Rudyard Kipling, The Janeites (#Commentary)

The topic for my local Jane Austen group’s March meeting was “Jane Austen in the trenches” which, I realise, sounds a bit anachronistic, given she died in 1817, nearly a century before the trenches we’re talking about. But, you see, Jane’s fame didn’t start in 1995 with Colin Firth and that wet shirt. No, her popularity took off around the late 19th century and has continued ever since, albeit with a huge spurt in the late 20th century. As Claire Harman states in Jane’s fame, she is the only writer “who is instantly recognisable by her first name”.

Rudyard Kipling

Kipling (Presumed Public Domain, via Wikipedia)

Anyhow, into the trenches. Our discussion was inspired by Rudyard Kipling’s short story “The Janeites”, first published in 1924. It’s a little tricky to read, being peppered with Cockney voices, but it’s worth the effort – and not just for Janeites. It is set in a London Masonic Lodge in 1920, during a weekly clean-up of the premises. There are three main characters – Brother Anthony, a veteran of army service in the Holy Land during World War I, now a taxi driver; Brother Humberstall, a hairdresser who is a veteran of artillery service in France and who suffers somewhat from shell-shock (now, PTSD); and the first-person narrator, ostensibly Kipling. Humberstall tells the others of his induction, during the war, into a secret society, the Janeites. He explains how he came to join this society, which included members from all ranks, and the tests he had to pass to do so. He tells how this society kept them sane during the war, and how it, in fact, saved him, when, after a terrible attack, he was his group’s only survivor:

… I walked a bit, an’ there was a hospital-train fillin’ up, an’ one of the Sisters—a grey-headed one—ran at me wavin’ ’er red ’ands an’ sayin’ there wasn’t room for a louse in it. I was past carin’. But she went on talkin’ and talkin’ about the war, an’ her pa in Ladbroke Grove, an’ ’ow strange for ’er at ’er time of life to be doin’ this work with a lot o’ men, an’ next war, ’ow the nurses ’ud ’ave to wear khaki breeches on account o’ the mud, like the Land Girls; an’ that reminded ’er, she’d boil me an egg if she could lay ’ands on one, for she’d run a chicken-farm once. You never ’eard anythin’ like it—outside o’ Jane. It set me off laughin’ again. Then a woman with a nose an’ teeth on ’er, marched up. “What’s all this?” she says. “What do you want?” “Nothing,” I says, “only make Miss Bates, there, stop talkin’ or I’ll die.” “Miss Bates?” she says. “What in ’Eaven’s name makes you call ’er that?” “Because she is,” I says. “D’you know what you’re sayin’?” she says, an’ slings her bony arm round me to get me off the ground. “’Course I do,” I says, “an’ if you knew Jane you’d know too.” “That’s enough,” says she. “You’re comin’ on this train if I have to kill a Brigadier for you,” an’ she an’ an ord’ly fair hove me into the train, on to a stretcher close to the cookers. That beef-tea went down well! Then she shook ’ands with me an’ said I’d hit off Sister Molyneux in one, an’ then she pinched me an extra blanket. It was ’er own ’ospital pretty much. I expect she was the Lady Catherine de Bourgh of the area.

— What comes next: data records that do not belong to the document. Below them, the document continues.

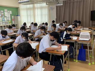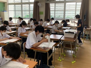 3年生は初めての実力テストがありました。進路決定にかかわってくるテストです。一生懸命に取り組んでいました。持てる力を十分に発揮してもらいたいです。
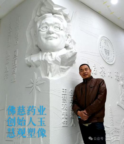 2020年所作,巧妙融圓雕與浮雕于一體,在轉(zhuǎn)角處營造頭像破壁而出的視覺詩意。分體制作,嚴(yán)絲合縫,最終以真石漆噴砂成色,莊重中見靈動(dòng),至今仍是馬先生時(shí)常駐足回望的滿意之作。
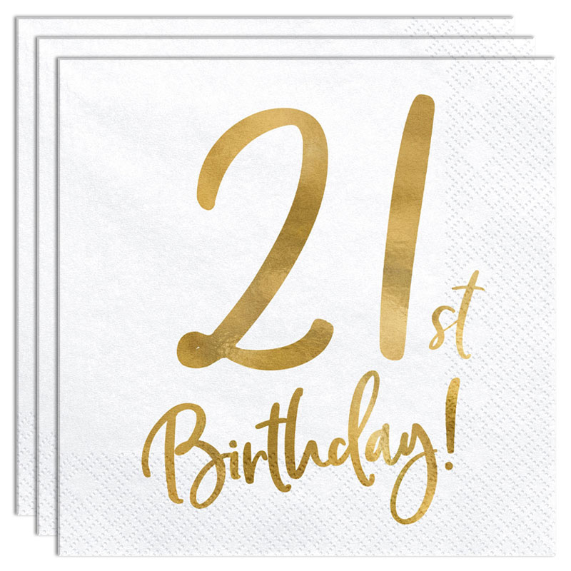 Servetter 21st Birthday omfattar vita servetter i 3 lager med texten "21st Birthday!" i skimrande guld. Servetterna mäter 33 x 33 cm utvikta och säljs i 20-pack.
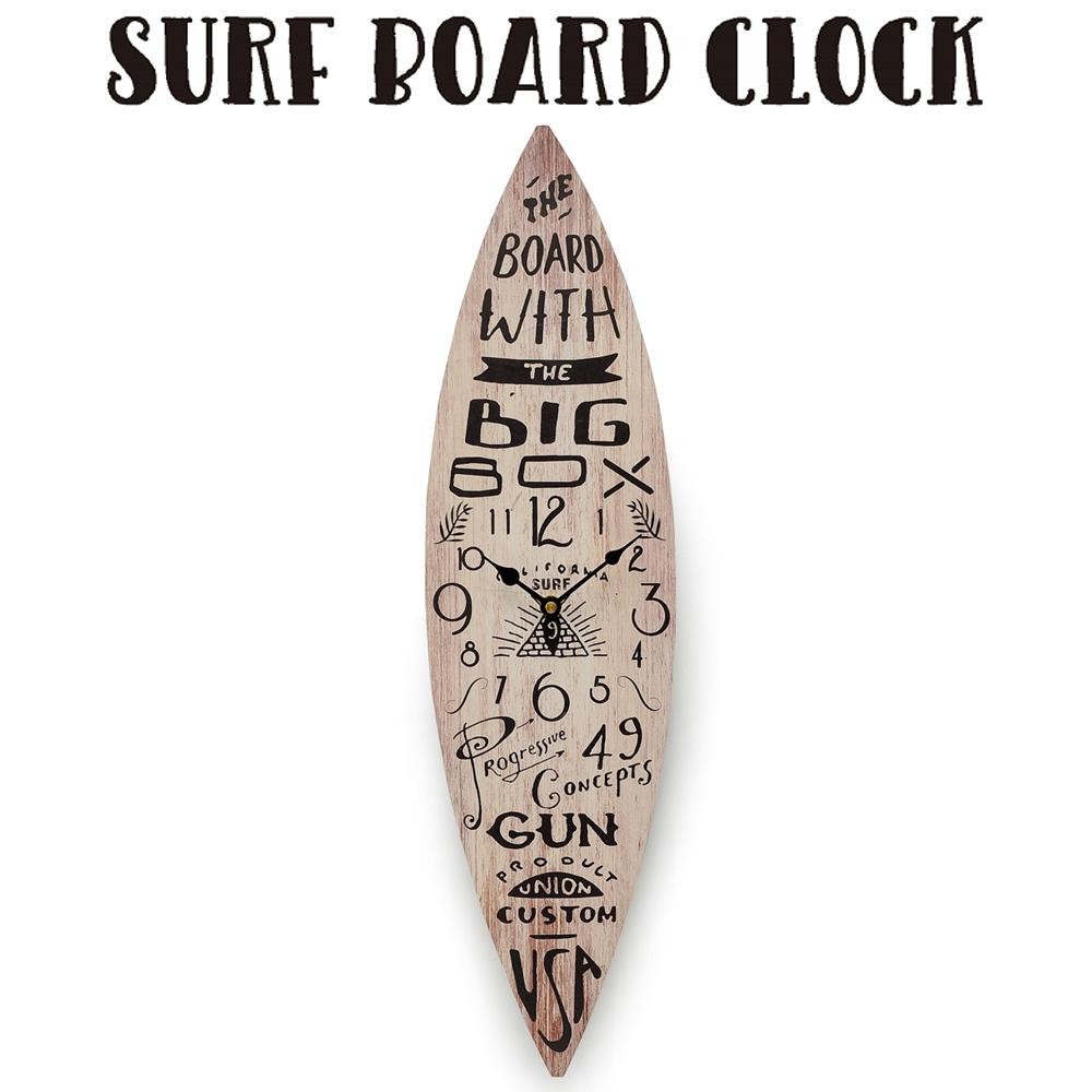 サーフィンのボードの形の掛け時計です。インテリアのアクセントにピッタリです。
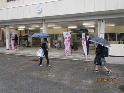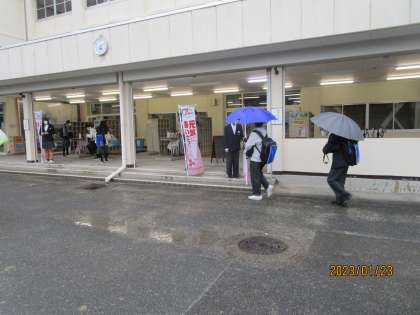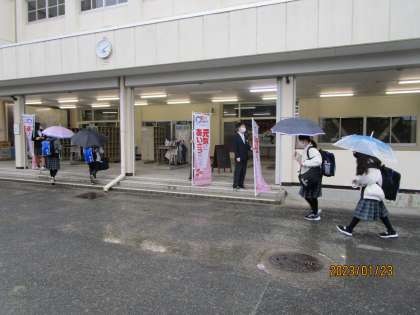 おはようございます。厳寒期の雨の朝ですが、今日もあいさつ運動ありがとう。すばらしい。
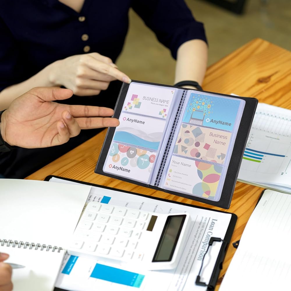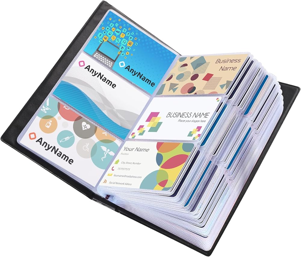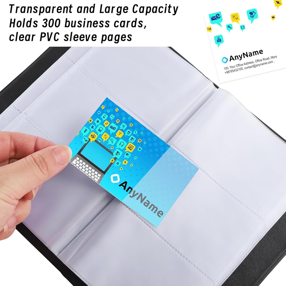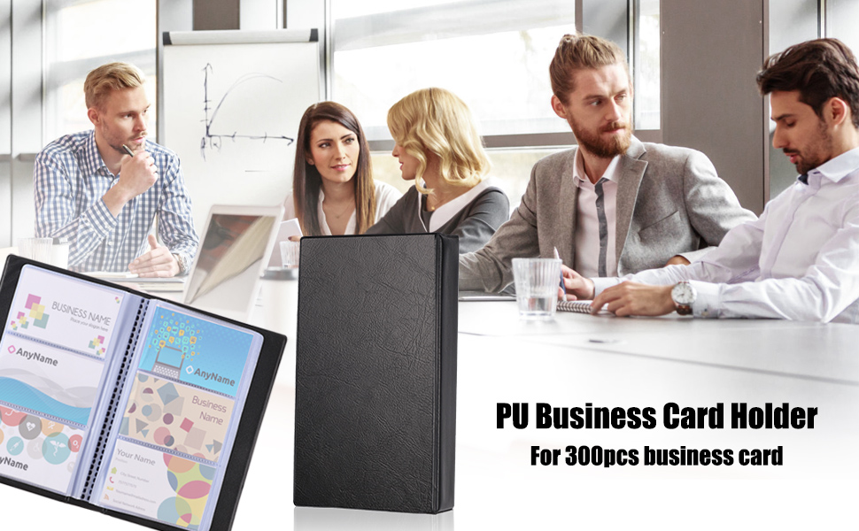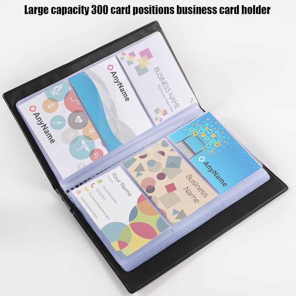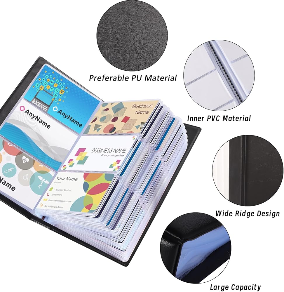 كتاب منظم بطاقات العمل 300 من Pimoys، كتاب حامل بطاقات الائتمان المقاوم للماء من البولي يوريثان، حامل بطاقات الاسم الأسود المحمول، منظم بطاقات الهدايا للرجال والنساء، تخزين ملفات مجلد بطاقات الأعمال
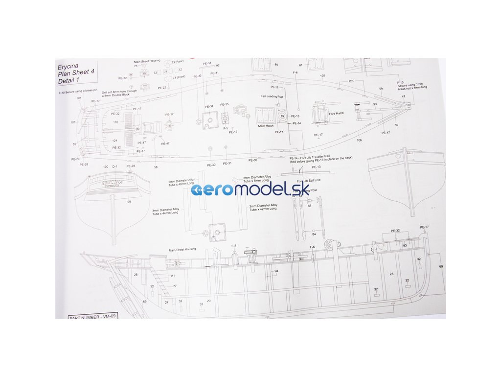 - Barevný průvodce stavbou s 10 plány, které obsahují nákresy stěžně a lanoví
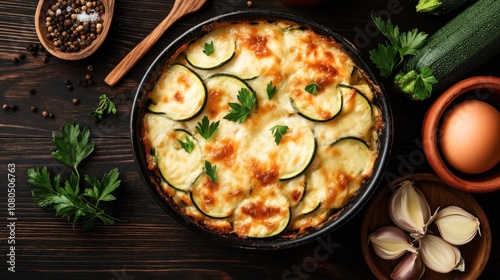 Baked zucchini casserole with melted cheese topped with parsley in a black dish surrounded by fresh ingredients such as zucchini, parsley, garlic, eggs, and peppercorns on a wooden table.
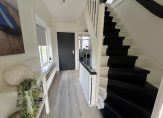 Hal met de trapopgang naar de tweede verdieping, woonkamer, keuken en badkamer met toegang tot het dakterras.
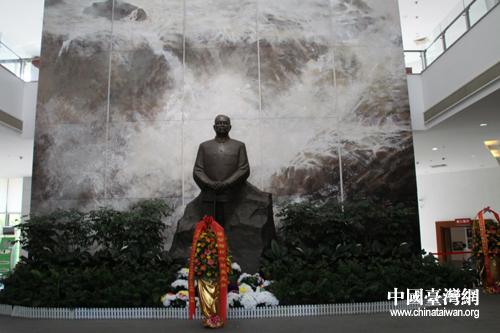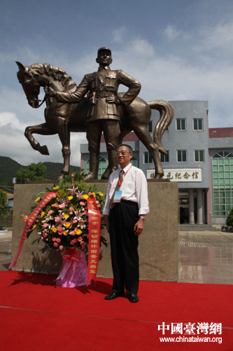 謝晉元將軍的兒子謝繼民在父親銅像前獻(xiàn)花籃。(中國臺灣網(wǎng) 馮江 攝)
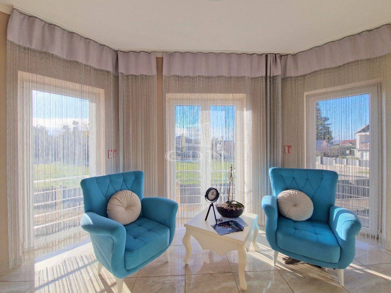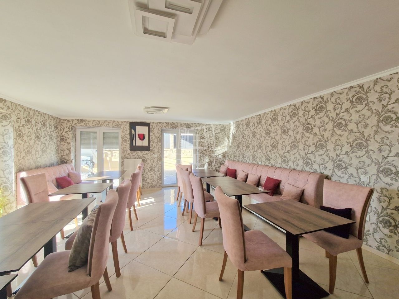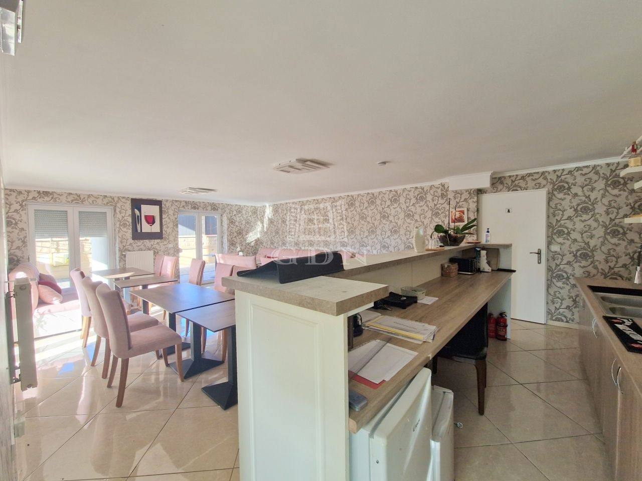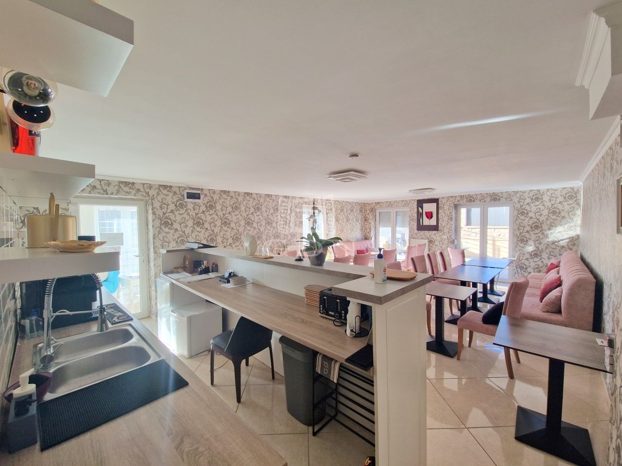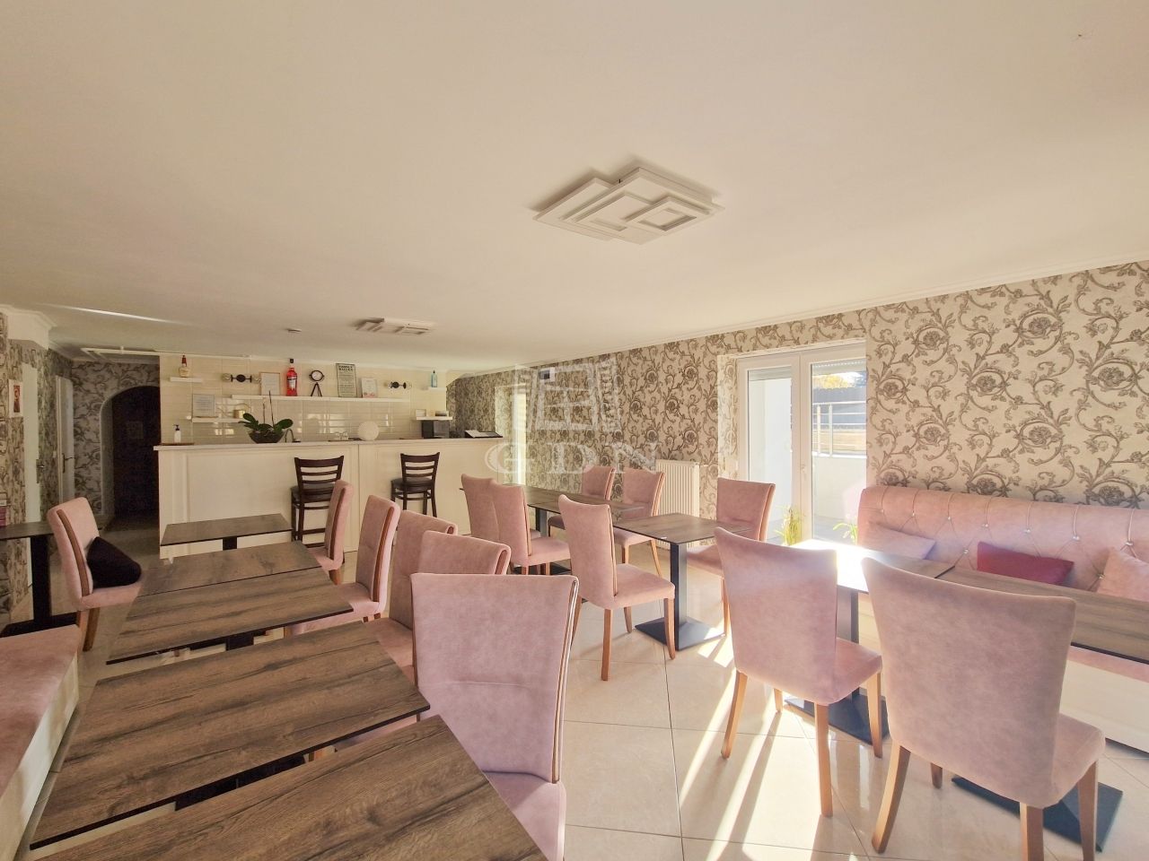 - A FÖLDSZINTEN: egy világos előtérnek, egy közel 50 m2-es, cca. 30 férőhelyes "reggeliztető" résznek, melyen óriás ablakfelületek találhatók, így a benapozottság mindig garantált.
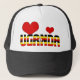 Den hedervärda Uganda Flagga hedrar den patriotiska Truckerkepsen med texten "Uganda" på hatten. Inskriptionen ges till mönster och färg från Ugandas nationella flagga. Två röda hjärtan, en stor och en liten avslutar utformningen. Hjärtarna är fullt anpassade eller kan tas bort med funktionen "Anpassa det!". Bashatt färg kompletterar utformningen mycket väl. Den här fina hatten är en underbar och unik gåva. © LänderAvVärlden
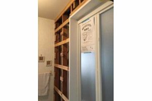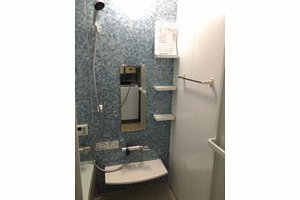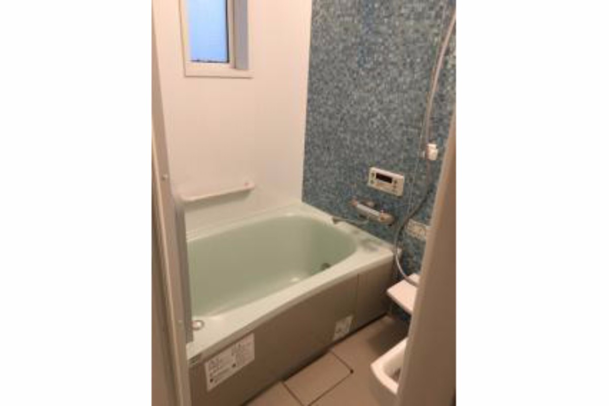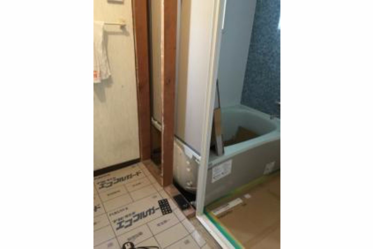 既存ユニット壁の腐食とお風呂カランの逆流との事でユニット入替行いました。ユニット出入り口のバリアフリー化と壁面をパネルで仕上げる事で清潔感あるお風呂に仕上がりました。
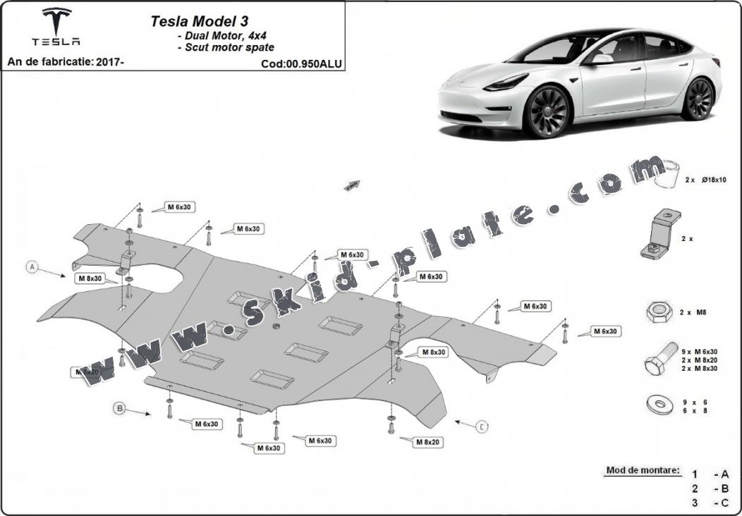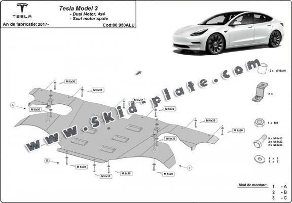 Skid plate for the protection of the: rear electric motor . The skid plate is new and fits perfectly for all versions of Tesla Model 3 AWD manufactured between 2017 and 2026. Made out of 3 mm thick Aluminium plate. The shields are made of aluminum, but the mounting brackets are made of steel. Screws, nuts, clips, all fastening accessories are included. All skid plates are powder coated to prevent corrosion. The exterior of the skid plate is provided with Aluminium reinforcements, which increases the resistance to impact. |

Of course, you have to know your Jane Austen to get the Miss Bates reference … !

Jane Austen by sister Cassandra

Throughout the story Austen is only ever described as Jane, which bears out Harman’s comment above. There’s an entertaining description of Austen’s subject matter –

’Twasn’t as if there was anythin’ to ’em, either. I know. I had to read ’em. They weren’t adventurous, nor smutty, nor what you’d call even interestin’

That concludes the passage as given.